There’s lots of ways you can fund this, you can sell your house and move into a smaller unit, freeing up some capital, you can own a rental property, you can invest on the stock market …..
This post however is about a specific method of funding that retirement income gap: KiwiSaver.
KiwiSaver was introduced through the KiwiSaver Act 2006. It grew quickly, after 3 months there were 200,000 members. My anecdotal experience though, was that many of these people signing up for KiwiSaver were diverting money they were otherwise putting into an existing superannuation scheme. In fact, some almost 65's join before they are no longer eligible, but after their last paid employment, and pay the minimum $20 per week. In return they receive 100% subsidy from the government plus $1,000 at startup. After the minimum 5 years, in a fund that guarantees at least what you’ve put in - that’s close to a minimum 120% return. So the best return is actually short term, for people whom the scheme isn’t intended for, and relies on a taxpayer subsidy. This demonstrates one of the issues with the scheme; some of its benefits (and other conditions such as when you can withdraw your money) are reliant on the provisions of an Act of Parliament rather than the provisions of the trust deed. And KiwiSaver has to be one of the most amended Acts outside of tax legislation that I’ve seen.

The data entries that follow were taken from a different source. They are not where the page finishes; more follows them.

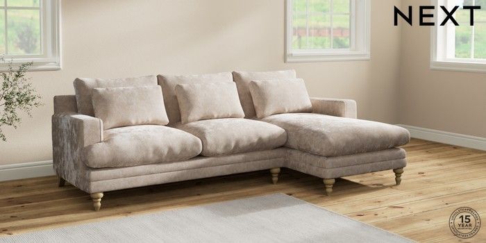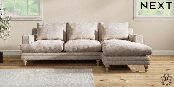 7.2.10 Hutton Deep Relaxed Sit Medium Sofa Chaise - Right Hand Distressed Velour Mid Natural Country Turned - Light | Made Click here to use our website with more accessibility support, for example screen readers
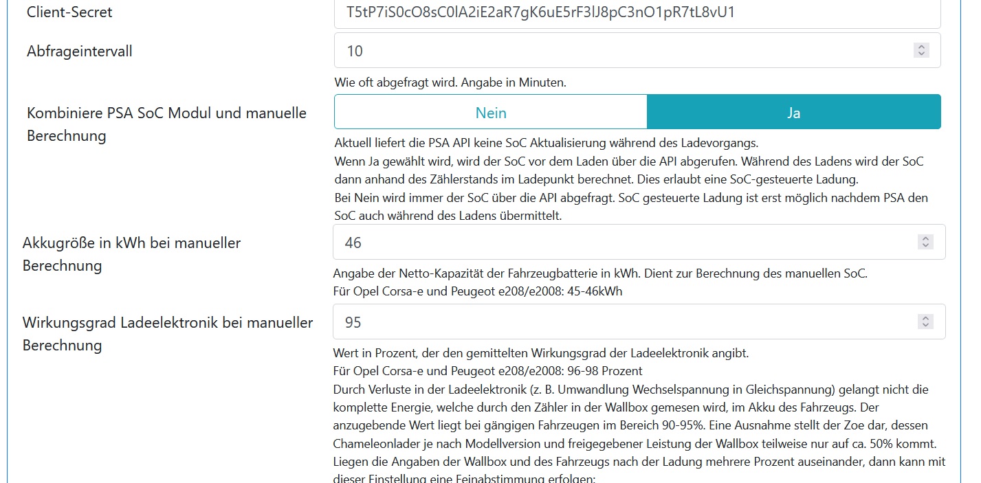 Hab es jetzt mit zwei unterschiedlichen PSA Fahrzeugen (Corsa und 2008) getestet und jeweils wird der SOC zu Ladebeginn aus der APP geholt, aber nicht laufend berechnet. Wenn ich die APP mal öffne und den SOC dort aktualisiere, wird er neue Wert auch in die OpenWB übernommen. Ich hätte aber gerne die manuelle Berechnung.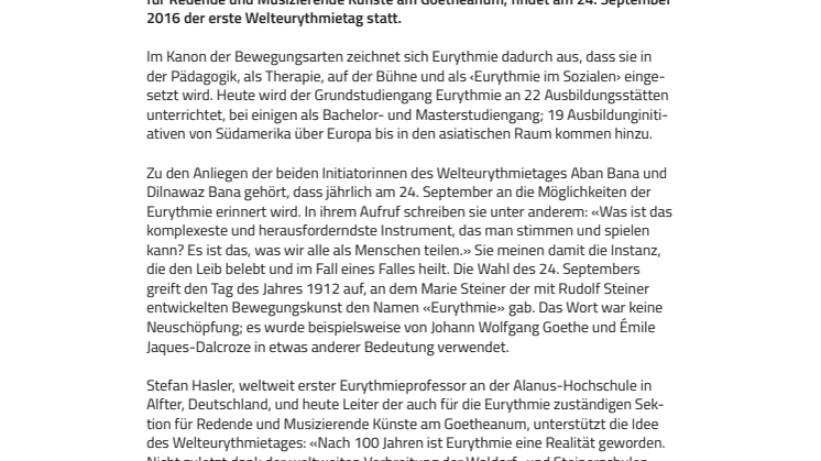 Auf Initiative der beiden Eurythmistinnen Aban Bana und Dilnawaz Bana aus Mumbai, Indien, und mit Unterstützung von Stefan Hasler, dem Leiter der Sektion für Redende und Musizierende Künste am Goetheanum, findet am 24. September 2016 der erste Welteurythmietag statt.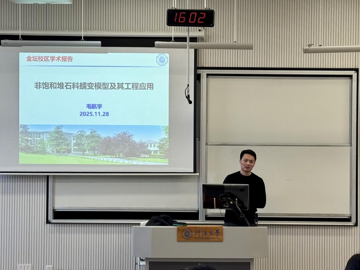 11月28日,亚洲太阳sungame首页毛航宇副教授于常州校区2号楼B114作题为《非饱和堆石料蠕变模型及其工程应用》的讲座,亚洲太阳sungame首页2024级本科生参加此次讲座。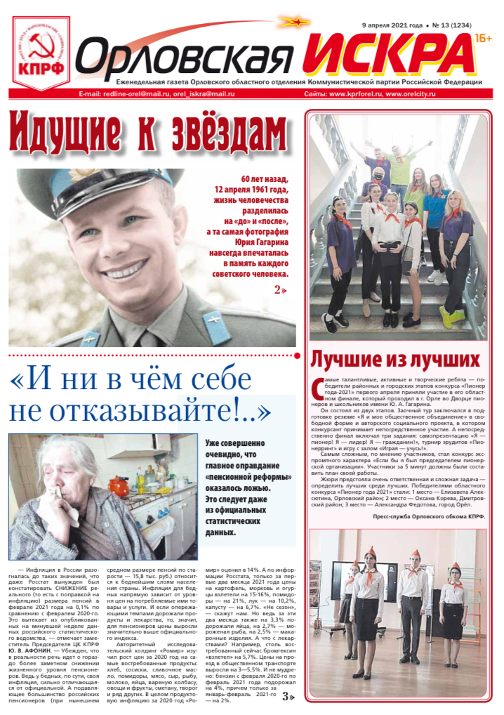 Орловская искра №13 (1134) от 09 апреля 2021 года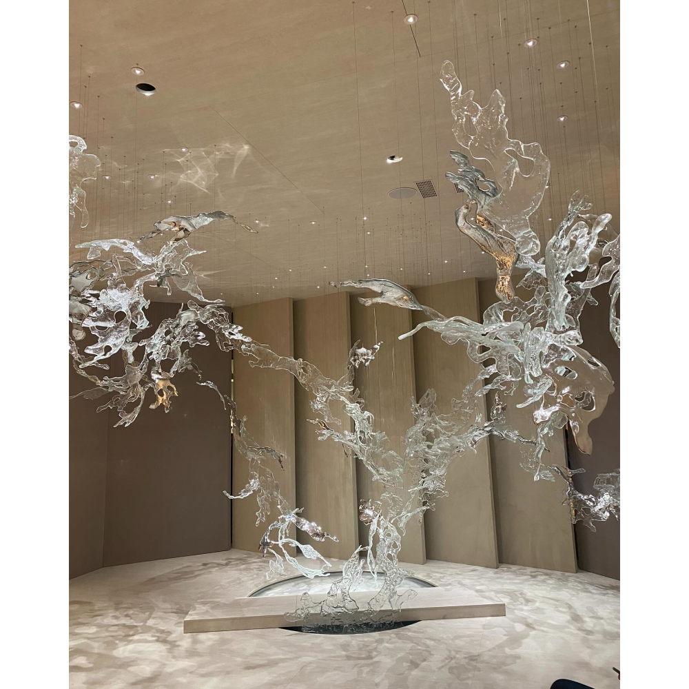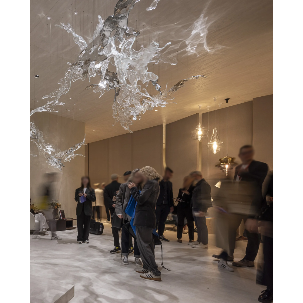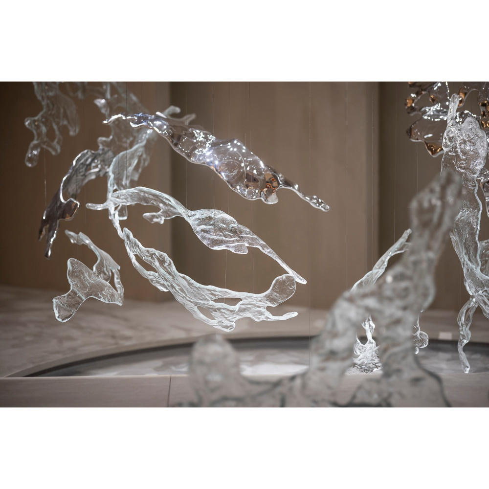 نجف المياه الزجاجية يضيف لمسة من الفخامة داخل الغرفة ياتي النجف مفصل كل قطعة لوحدها , يتم تجميع النجفة بأشكال واطوال متعددة حسب رغبة العميل , مع أمكانية تفصيل قاعدة تثبت على السقف بحالة عدم وجود جبس في السقف بقيمة منفصلة حسب مقاسها ولونها. (لتفاصيل أكثر يمكنك التواصل معنا عبر الواتس اب).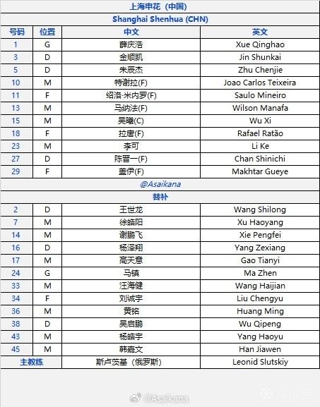 北京时间2月17日20:15,亚冠精英联赛阶段第8轮,上海申花客战武里南联。赛前首发公布。

The other issue with KiwiSaver is its complexity. I’ve talked to people who were surprised that money was being deducted from their salary after they signed up for it at their bank, and very few people seem to completely understand how it works. Part of the complexity arises because it’s a voluntary scheme – conditions such as its lock in and opt out provisions and attempts to ensure that employer subsidies are “real” employer subsidies and not being deducted from the employee.
When you compare the complexity of the scheme and the resultant compliance cost with the simpler compulsory Australian scheme, you have to wonder why we haven't gone down this route. The justification given at the time was that it isn’t guaranteed. However no investment strategy is, so unless you don’t intend to save for retirement you will always have this risk - and these schemes are lower risk than say … investing with a finance company. If it’s a compulsory employer contribution only it doesn’t preclude also putting surplus cash into another retirement investment. Other than helping with savings rates, a compulsory scheme would also help deal with the high percentage of financial assets held by banks here in New Zealand.
Probably my biggest issue with the current scheme, with its requirement for an employee contribution, is the expectation being placed on the current generation of taxpayers. We’re paying for current superannuitants in “pay as you go”. We’re paying additional tax which goes into the New Zealand Superannuation Fund to pay for part of the “government” contribution to our own retirement – and we need to save for anything on top of that we may require. Many are also paying back student loans – something previous generations didn’t have to do; we have some of the most unaffordable housing in the world, and even renting at a reasonable rate is now an issue in some cities. Financially, we truly have a “squeezed” generation.